» **RECORDED DATA**
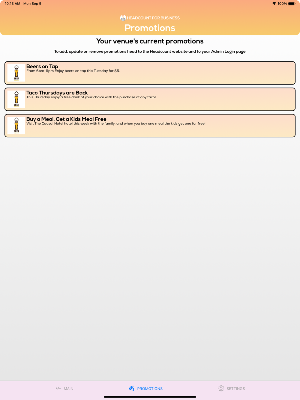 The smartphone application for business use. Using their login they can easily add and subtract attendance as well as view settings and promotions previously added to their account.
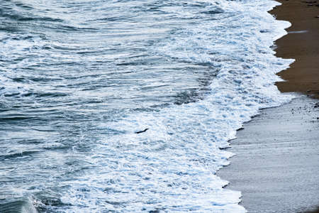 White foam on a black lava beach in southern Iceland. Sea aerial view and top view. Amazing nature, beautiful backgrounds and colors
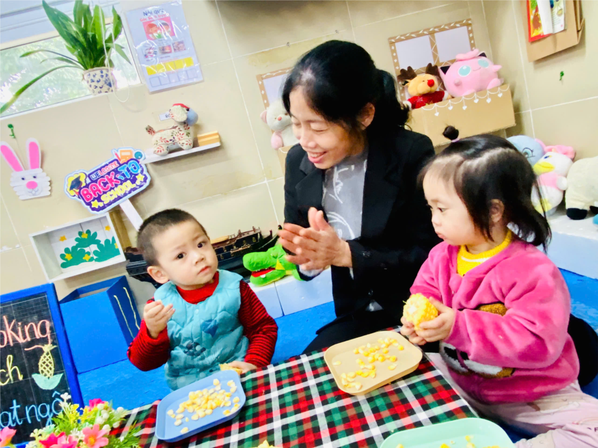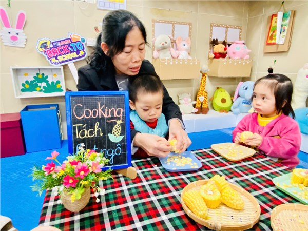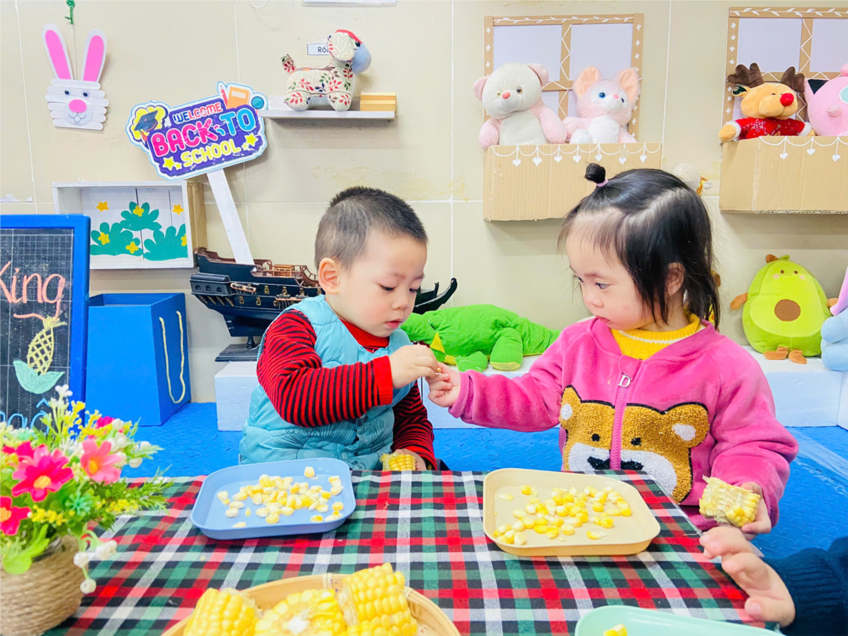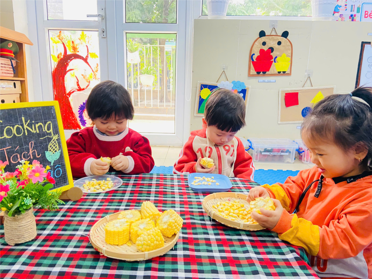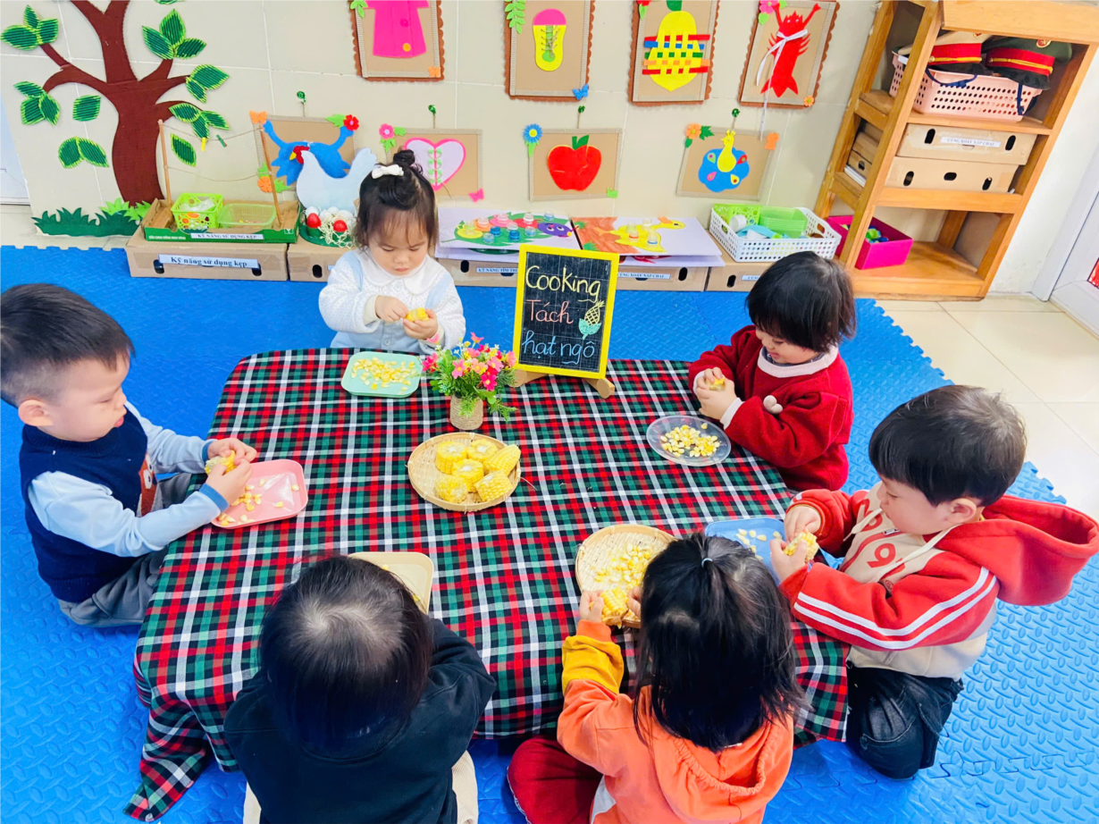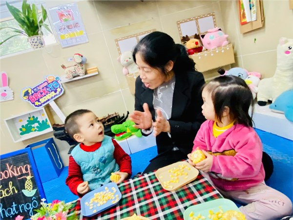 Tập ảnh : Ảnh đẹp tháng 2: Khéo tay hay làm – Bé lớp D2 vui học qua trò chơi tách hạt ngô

» **ABOUT THIS EXERCISE**
Make an exact copy of the data above, pictures excluded.

» **SOLVED EXERCISE**
 The smartphone application for business use. Using their login they can easily add and subtract attendance as well as view settings and promotions previously added to their account.
 White foam on a black lava beach in southern Iceland. Sea aerial view and top view. Amazing nature, beautiful backgrounds and colors
 Tập ảnh : Ảnh đẹp tháng 2: Khéo tay hay làm – Bé lớp D2 vui học qua trò chơi tách hạt ngô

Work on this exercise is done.